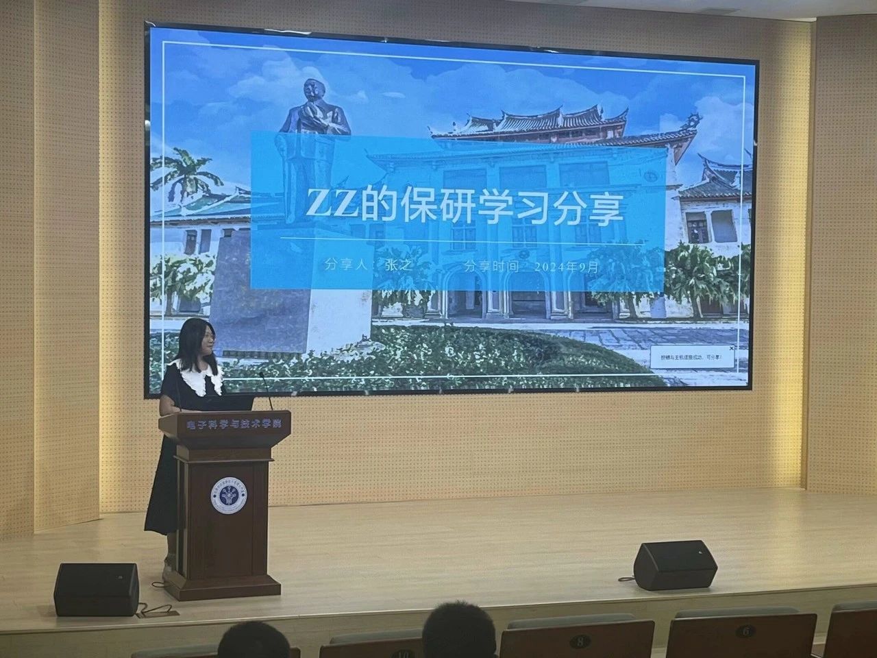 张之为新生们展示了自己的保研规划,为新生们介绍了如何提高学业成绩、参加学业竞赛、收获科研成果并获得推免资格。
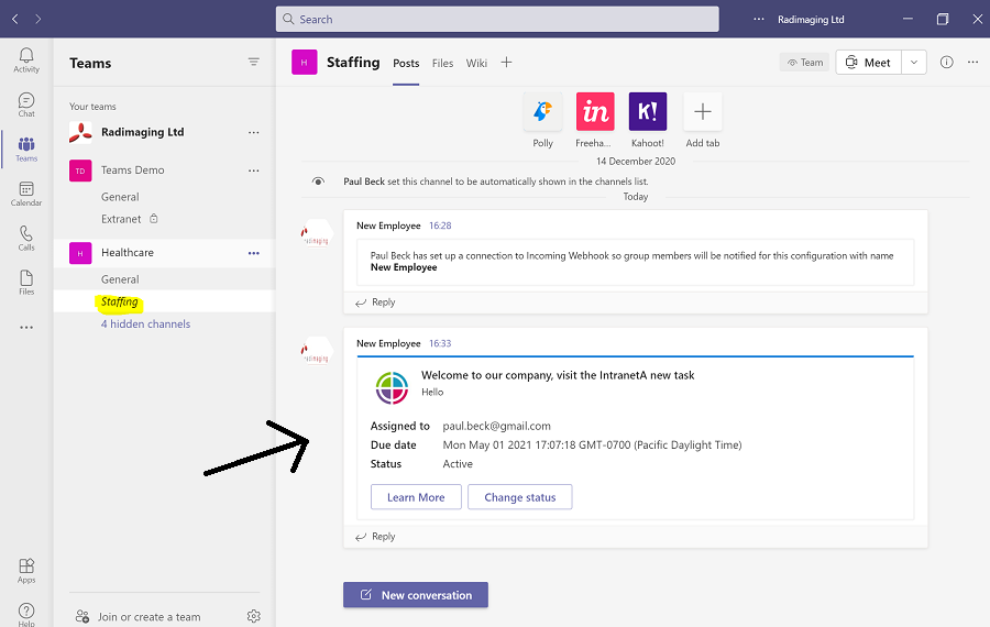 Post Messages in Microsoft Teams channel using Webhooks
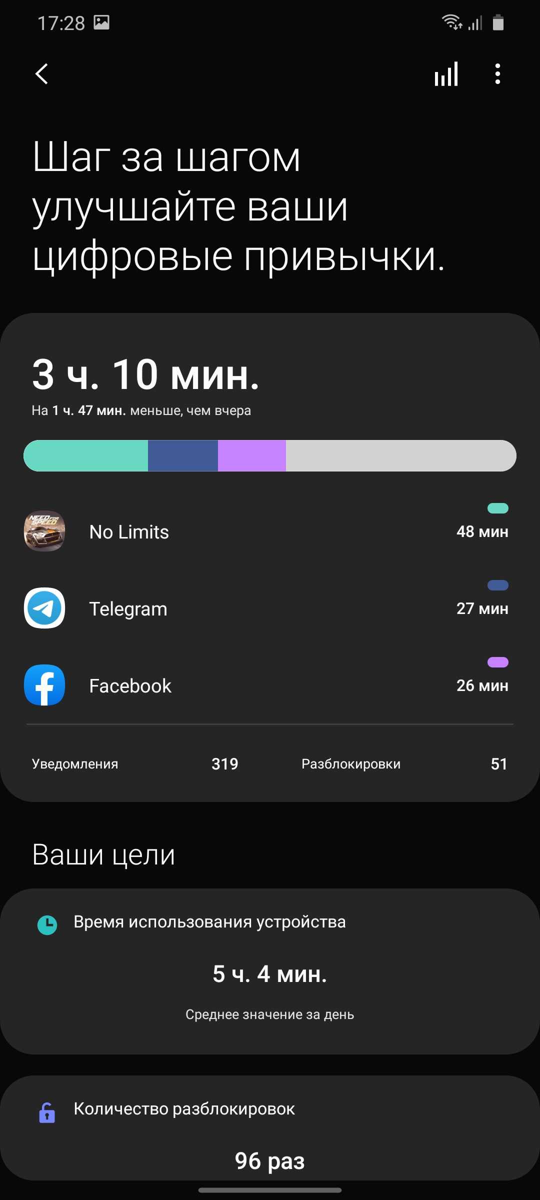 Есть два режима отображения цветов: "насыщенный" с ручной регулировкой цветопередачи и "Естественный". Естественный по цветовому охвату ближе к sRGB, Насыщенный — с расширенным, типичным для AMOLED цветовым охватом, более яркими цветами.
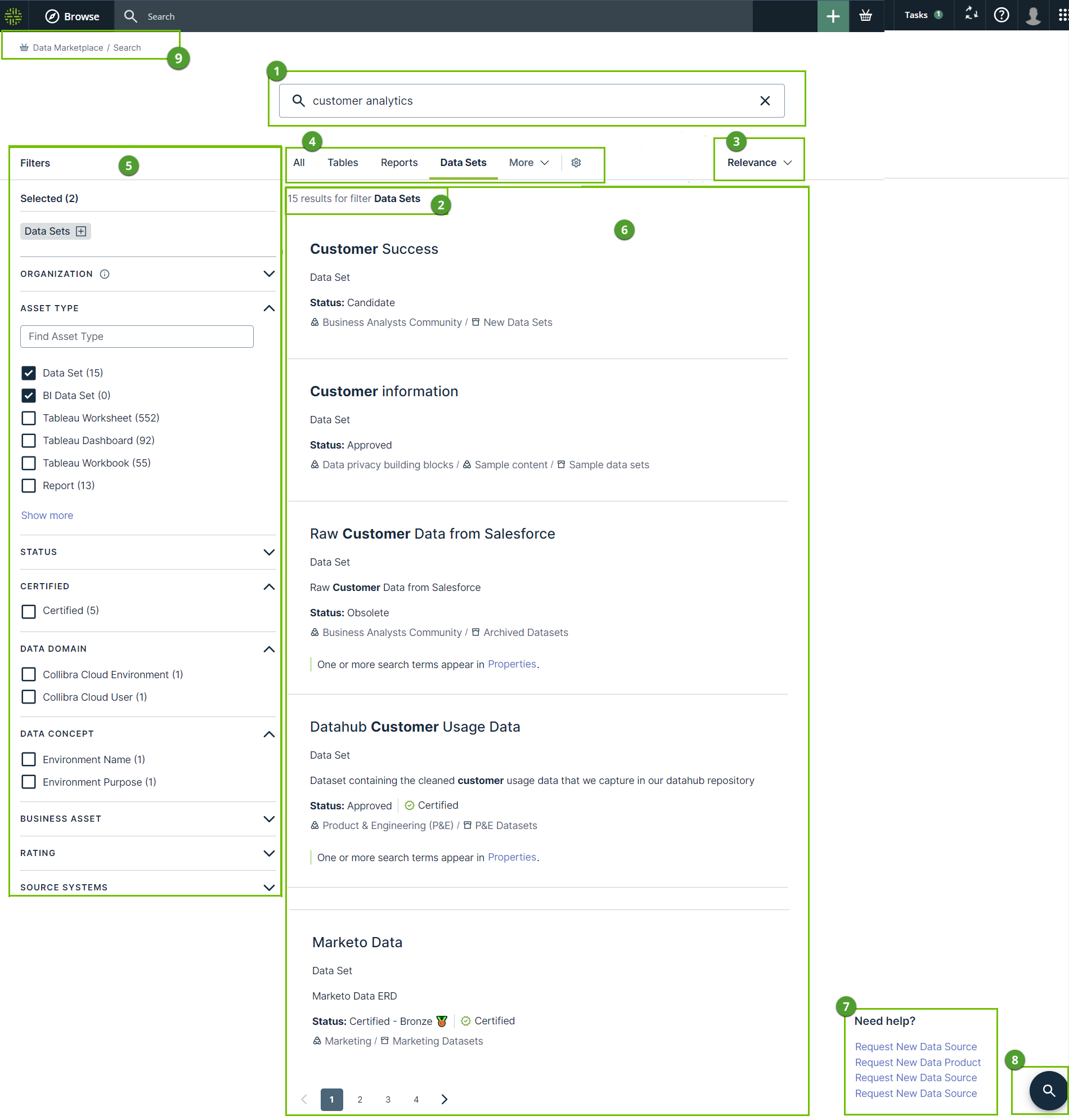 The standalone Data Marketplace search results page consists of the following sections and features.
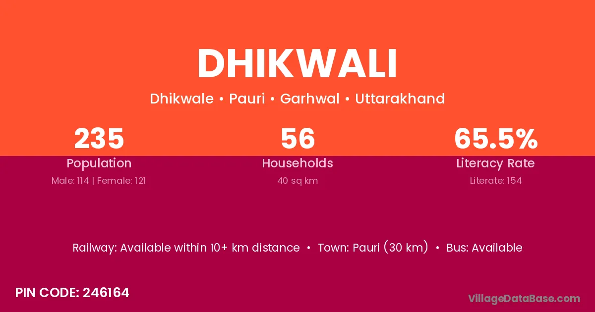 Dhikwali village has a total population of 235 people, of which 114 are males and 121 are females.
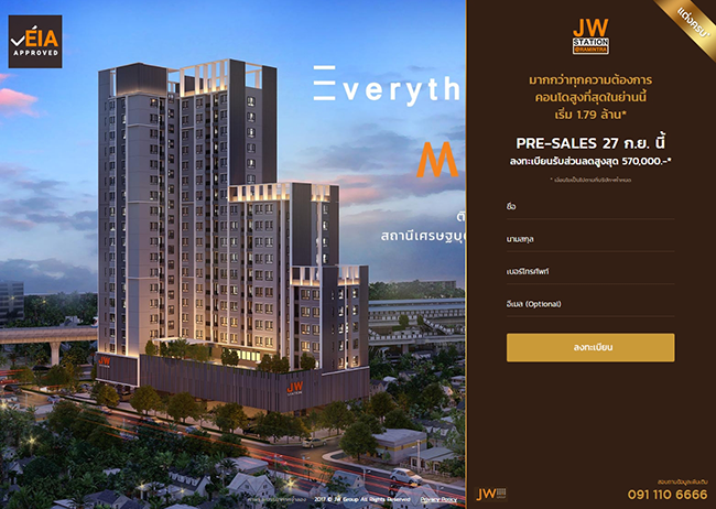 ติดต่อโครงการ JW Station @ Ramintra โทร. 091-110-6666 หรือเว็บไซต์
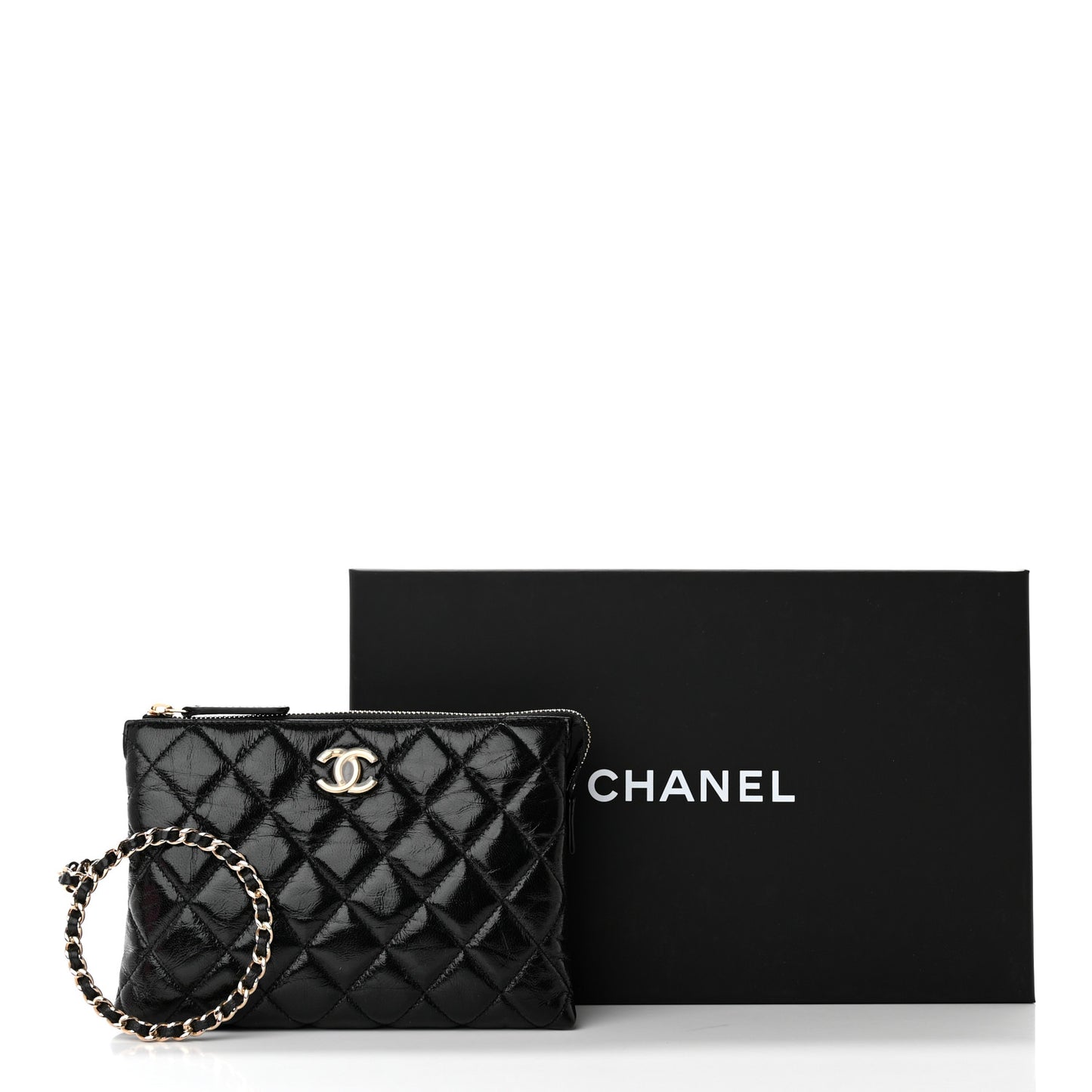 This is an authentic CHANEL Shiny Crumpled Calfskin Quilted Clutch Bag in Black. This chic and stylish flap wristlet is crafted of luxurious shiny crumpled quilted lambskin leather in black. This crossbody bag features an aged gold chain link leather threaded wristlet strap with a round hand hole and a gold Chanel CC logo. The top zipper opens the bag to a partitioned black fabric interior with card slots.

◆ ◆ ◆ ◆

PROBLEM DESCRIPTION: Give the listing again, exactly as it appears, but without its images.

ANSWER BOX:
 张之为新生们展示了自己的保研规划,为新生们介绍了如何提高学业成绩、参加学业竞赛、收获科研成果并获得推免资格。
 Post Messages in Microsoft Teams channel using Webhooks
 Есть два режима отображения цветов: "насыщенный" с ручной регулировкой цветопередачи и "Естественный". Естественный по цветовому охвату ближе к sRGB, Насыщенный — с расширенным, типичным для AMOLED цветовым охватом, более яркими цветами.
 The standalone Data Marketplace search results page consists of the following sections and features.
 Dhikwali village has a total population of 235 people, of which 114 are males and 121 are females.
 ติดต่อโครงการ JW Station @ Ramintra โทร. 091-110-6666 หรือเว็บไซต์
 This is an authentic CHANEL Shiny Crumpled Calfskin Quilted Clutch Bag in Black. This chic and stylish flap wristlet is crafted of luxurious shiny crumpled quilted lambskin leather in black. This crossbody bag features an aged gold chain link leather threaded wristlet strap with a round hand hole and a gold Chanel CC logo. The top zipper opens the bag to a partitioned black fabric interior with card slots.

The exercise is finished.